The most important sign of the Arab lie in the Unicode block Arabic. In addition to the letters of the Arabic alphabet, similar in size and arrangement of ISO 8859-6, here are even numbers, some punctuation marks that are very different from those that are used with the Latin alphabet, and special characters. Even if a letter in the word has different representations depending on the position, this block contains only one character for all variants.

The Arabic alphabet is also used in other languages ​​, which add some more characters. Thus, there are in the Persian alphabet, four additional letters. Such letters are combined with characters that are no longer in use, in the blocks Arabic, supplement and Arabic, extended -A.

The two blocks Arabic Presentation Forms- A Arabic Presentation Forms- B and contain - especially for compatibility with other standards - Display variants and ligatures.

Unicode block Arab mathematical alphanumeric symbols finally includes Arabic characters for use in mathematical equations.

The letters of the alphabet are in the Unicode block Syrian Syriac. Other than the Arab there are no signs that are encoded in multiple different display formats.

In addition to these characters, the bidirectional control characters and the wide loose connector or connectors not play a role in the Arab and Syrian digital typography.

Direction

Arabic and Syriac is written from right to left, just numbers - regardless of the number used - to write from left to right. Some punctuation marks, such as parentheses, are displayed mirrored to the ordinary version. For the correct representation of the Unicode standard provides the Unicode bidi algorithm as for other left-handed writings.

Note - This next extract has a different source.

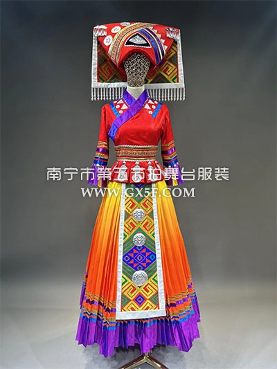 01G640女橙色渐变长袖长裙羌族一篓秋
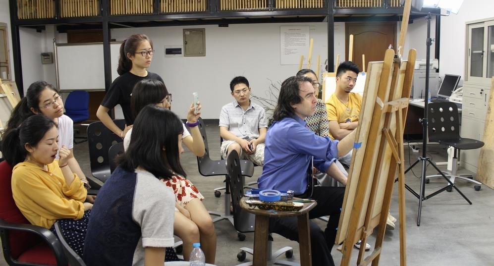5月27日,美国纽约艺术学院Dan Thompson教授以及4位研究生来我院参加一年一度的互访交流学习。初到ac米兰官网中文网站,来访学生们对美丽而灵动、文化气息浓厚的校园赞叹不已。

Context-dependent letterforms

Depending on the position in the word, an Arabic letter in up to four different forms of representation occur: When isolated letter ( as in character tables ), as a letter in the initial position, where it connects with the following letter to the left, at the end of a word, where he is the previous letter connects the right and in the middle of words, where it is connected with two neighbors. So A font must maintain up to four different glyphs for a single character. To select the correct glyph depending on the context, the following algorithm is used:

For this purpose, each Unicode character to a Joining_Type property. This property specifies whether and in which direction connects the sign with neighboring characters. There are six different values:

  • R for characters such as Alif or Dal, which are connected only to the right
  • L for characters that are connected only to the left. In Arabic there is no sign of this value, it is however used in the Phagpa font.
  • D is Ba or characters, such as Ta, which are connected to both sides
  • C for characters such as the Kaschidazeichen or the wide loose connector, which also leads to both sides initiating a connection, but themselves remain unchanged
  • U for characters that do not connect with their neighbors, or about every Latin characters, or even the breadthless Non connector.
  • T for characters like combining characters that should be ignored in the application of the algorithm.

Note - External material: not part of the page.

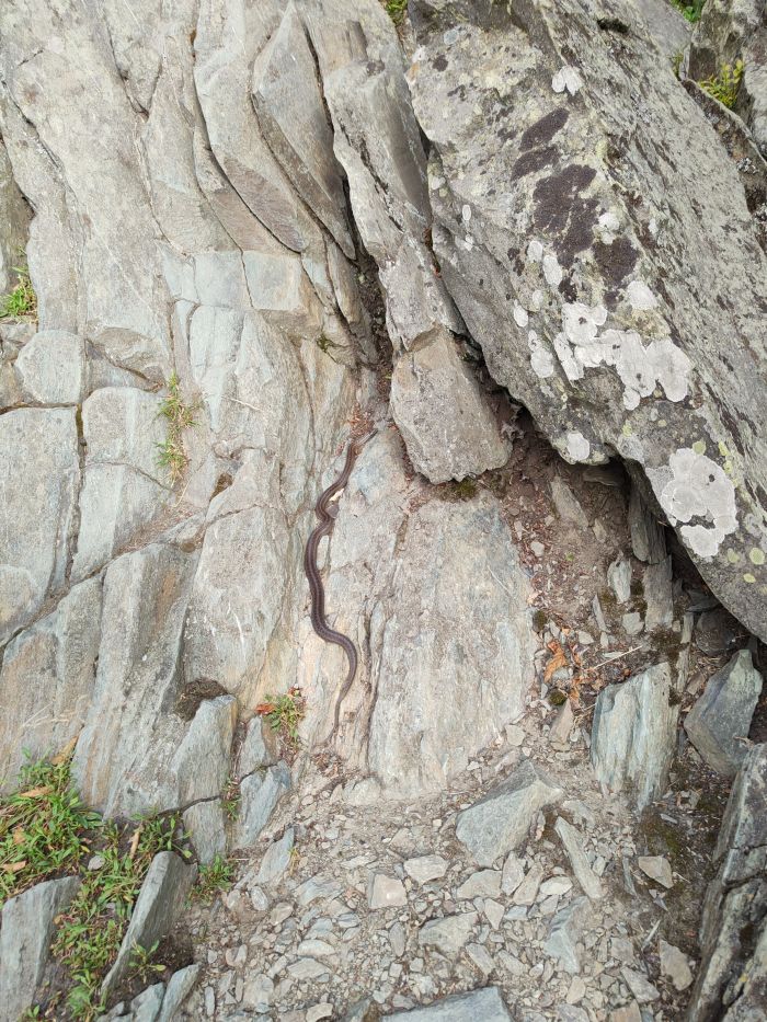 Podczas naszej wizyty, na jednej z nich wygrzewała się żmija – warto więc zachować tu czujność i nieco uważniej patrzeć pod nogi.

This property is determined by a set of rules, the form in which a sign is to be displayed:

Character of the R, preceded by a character of type L, D or C (where characters are skipped of type T ), are shown in the right associated form, analogous to the type of characters L, which is a sign of the R, D or C follows (where characters are skipped of type T ) are presented in the form attached to the left.

For characters of type D are both applied these rules stand on either side suitable character, the exposure to both sides associated form is chosen, such a sign, on the other is not only on one side, the corresponding associated form is selected.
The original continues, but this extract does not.